Ah... Mas ele não sabe o quanto eu quis passar o resto da vida ao lado dele. Por exemplo, naquele dia, na casa da Larissa. Depois dela falar aquele monte sobre o canalha do João (traidor, mentiroso, safado e sonso). Samuel não entendeu muito bem quando eu disse que ela estava carente e se entregou demais. E ficou mais puto ainda quando eu pedi pra ele se tocar. Devia ter esclarecido que era pra ele se tocar sobre o João...
E depois que ela falou tanto, eu fiquei comovida. Tem gente que não guarda mágoa... Tem gente que ama. Ainda bem, porque eu já estava quase disposta a mudar pelo mundo. Isso tudo eu disse depois de assistir “A liberdade é azul”... Cheguei a enxergar um esboço de sorriso nele. Mas depois ele disse que eu era impossível de entender e foi embora.
Mal ele sabe, mas depois que a gente terminou, não paro de escutar “Close to you”. Milhares de vezes ao dia. Às vezes ligo de outro número só pra ouvir o “Alô?!” alegre dele. Também mudei o caminho só pra vê-lo saindo do trabalho (e Deus inventou o terno...). Só ver. Observar aquele gesticular tão vivo... Aposto que vai ver outra pessoa. E não me importaria quem fosse, desde que ele voltasse para os meus braços mais tarde. Ensaiei uns choros ontem à noite.
E toda vez que ele caminha pro lado contrário em que estou, eu morro aos poucos.
Mas a cada passo que ele der.
A cada suspiro dele.
Eu estarei observando.

Nora (ou “Try a little tenderness”)

“Oh she may be weary
Those young girls they do get weary
Wearing that same old shaggy dress
But when she gets weary
You try a little tenderness”

Eu a achava muito sexy.

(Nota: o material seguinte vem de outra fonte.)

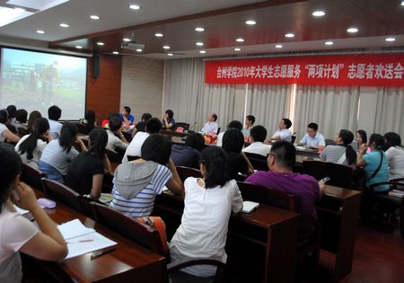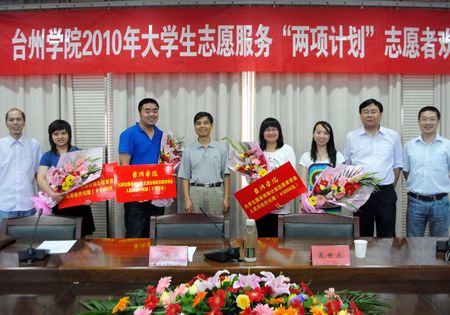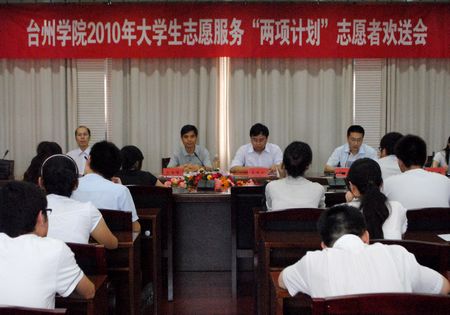 6月22日下午,2010年大学生志愿服务西部计划和大学生志愿服务我省欠发达地区计划志愿者欢送会在校第一会议室举行。来自人文学院的方岑颖、刘占同学当选我校大学生志愿服务西部志愿者,来自艺术学院的都星炜同学当选大学生志愿服务我省欠发达地区志愿者,即将踏上志愿服务岗位。校党委副书记包国强出席欢送会并讲话。
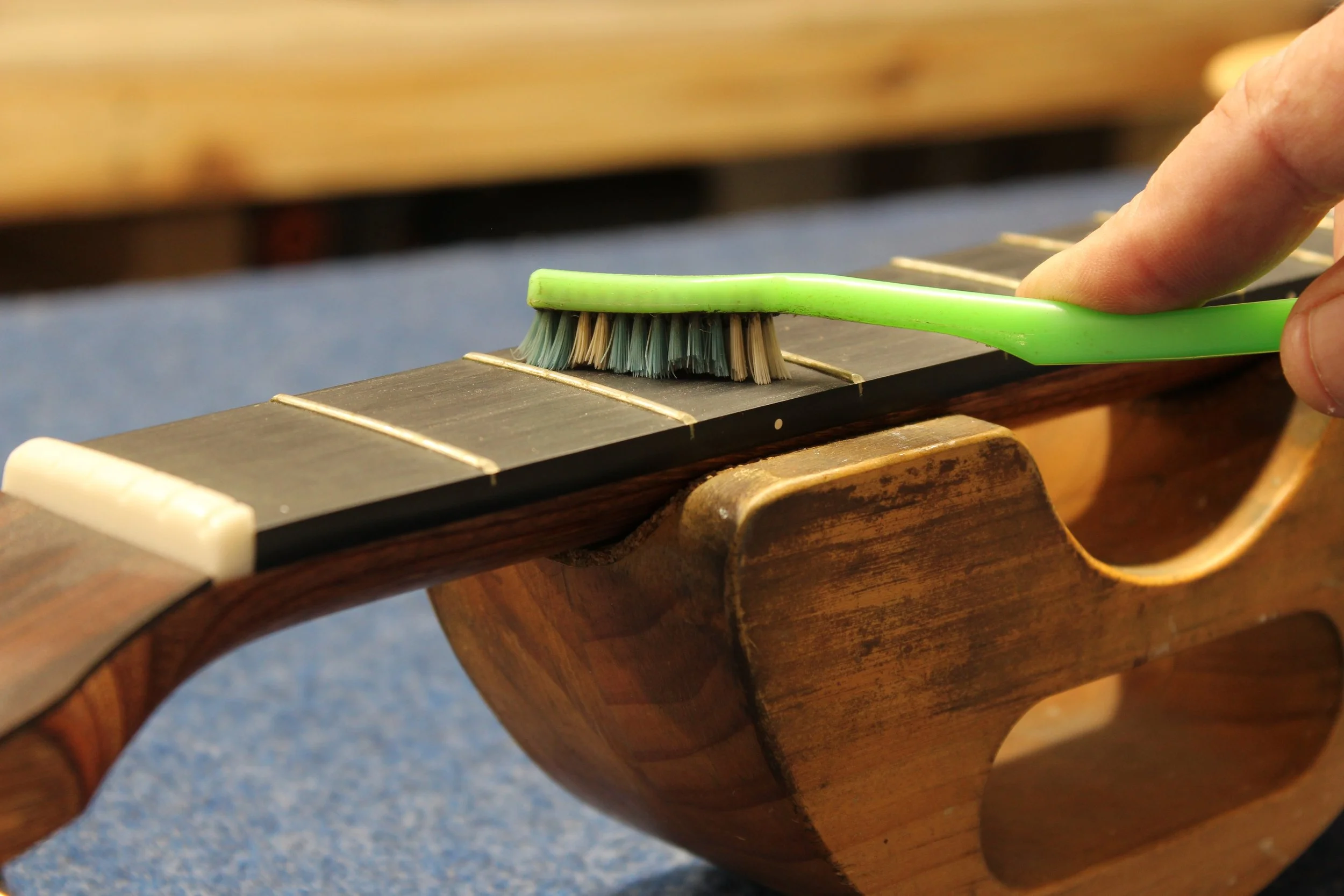 Thoroughly clean and condition the fretboard. Smooth and polish frets to a brilliant shine.

Aquele sarcasmo, aquele olhar irônico. Aquela maldade. No início, fiquei maluco. Corria atrás, telefonava, queria passar a noite inteira com ela (a chave de pernas...). Depois, ela se tornou a indisposição em pessoa.

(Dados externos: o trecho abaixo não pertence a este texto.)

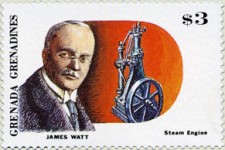 $3 stamp depicts Rudolf Diesel and Diesel engine, with incorrect captions "JAMES WATT" and "Steam Engine".
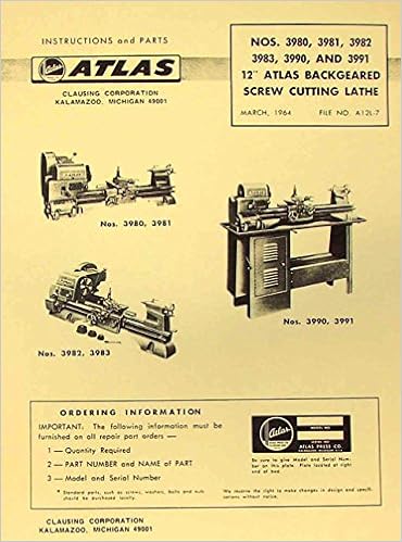 Atlas Craftsman 12 Metal Lathe 3980 3981 3982 3983 3990 3991
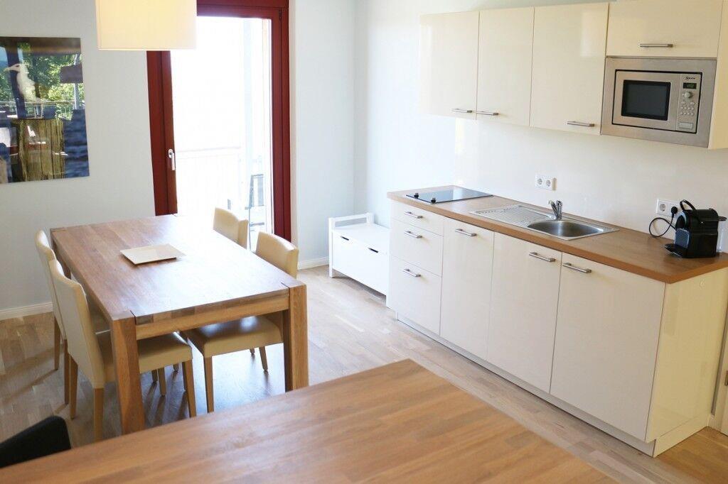 Durch die helle, moderne Einrichtung und der schönen Raumaufteilung birgt sie absoluten Wohnkomfort. Neben 2 getrennten Schlafzimmern kommen auch zwei Balkone, einer mit Ostseeblick und einer mit Blick in den Schlosspark von Schloss Ranzow als Topping hinzu.
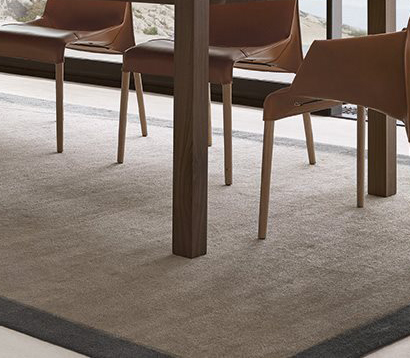 Hand made carpet (Hand Loom technique). Cotton weave, bamboo silk fur – 8 cm edge with shaved wool fur.
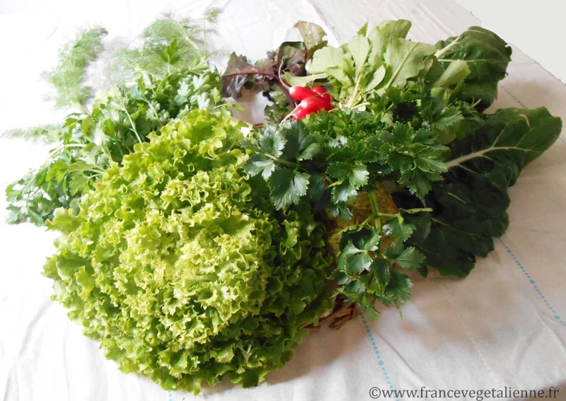 1,5 kg d’un assortiment «d’herbes» (nous avons utilisé: les feuilles de 3 betteraves rouges, les fanes d’1 botte de radis, le vert de 6 blettes, les feuilles de 2 céleris rave, les «jets» ou pluches de 4 fenouils, les feuilles d’1 bouquet de persil, 1 salade verte)
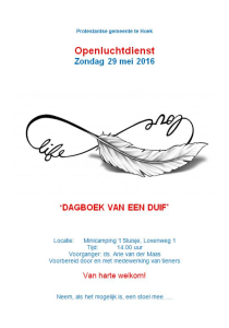 Zondag 29 mei 2016 om 14.00 uurOpenluchtdienst Camping 't SluisjeVoorganger(s): Ds. A.P. van der Maas Openluchtdienst die is voorbereid en waaraan zal worden meegewerkt door de tieners uit de gemeente. De dienst zal plaats vinden op Mini-Camping ’t Sluisje aan de Lovenweg 1. Het thema zal wellicht nieuwsgierigheid opwekken: “Dagboek van een duif…”. |

Era muito inflexível. Era radical. A flor de lótus tatuada no ombro esquerdo (linda!), apesar de flor, era agressiva. Na verdade, Nora era um ultraje. Desprezar quem não lhe agradava à primeira vista era uma de suas marcas. Me fazia cada vergonha... Adorava ficar séria diante dos meus amigos piadistas. O pessoal rindo das piadas e ela lá... Impávida. Achava prazeroso analisar e não ver nada de especial em “Ternurinhas” (assim chamava as pessoas de bem, bacanas e alto-astrais). Mentia. Omitia. Mas, no fundo, eu sei que não se orgulhava. Uma vez, quando eu perguntei por que tanta amargura, disse pra mim que gostava de pensar que a ternura poderia um dia vir em latas decoradas, que nem pannetone, que você compra, se delicia e depois guarda outra coisa na lata. Ou só guarda mesmo pra lembrar-se do sabor e do cheiro. “Falta ternura no mercado”. E ela achava que um dia ia chegar. Assim. Que nem magia.
Por exemplo, quando ouviu Larissa dizer que amava o ex, seu estômago revirou. Achou nojento. “Coitada. O que é a paixão... O que é a carência...É o que dá se envolver.” Na minha frente. Eu apaixonado. Era o que ela realmente gostaria de falar pra Larissa, mas não podia. “Claro que não. Com amigos a gente mede palavra. Não é assim, na bucha: ‘Se toca’”. Acreditem: ela era muito capaz de dizer isso... Já disse pra mim.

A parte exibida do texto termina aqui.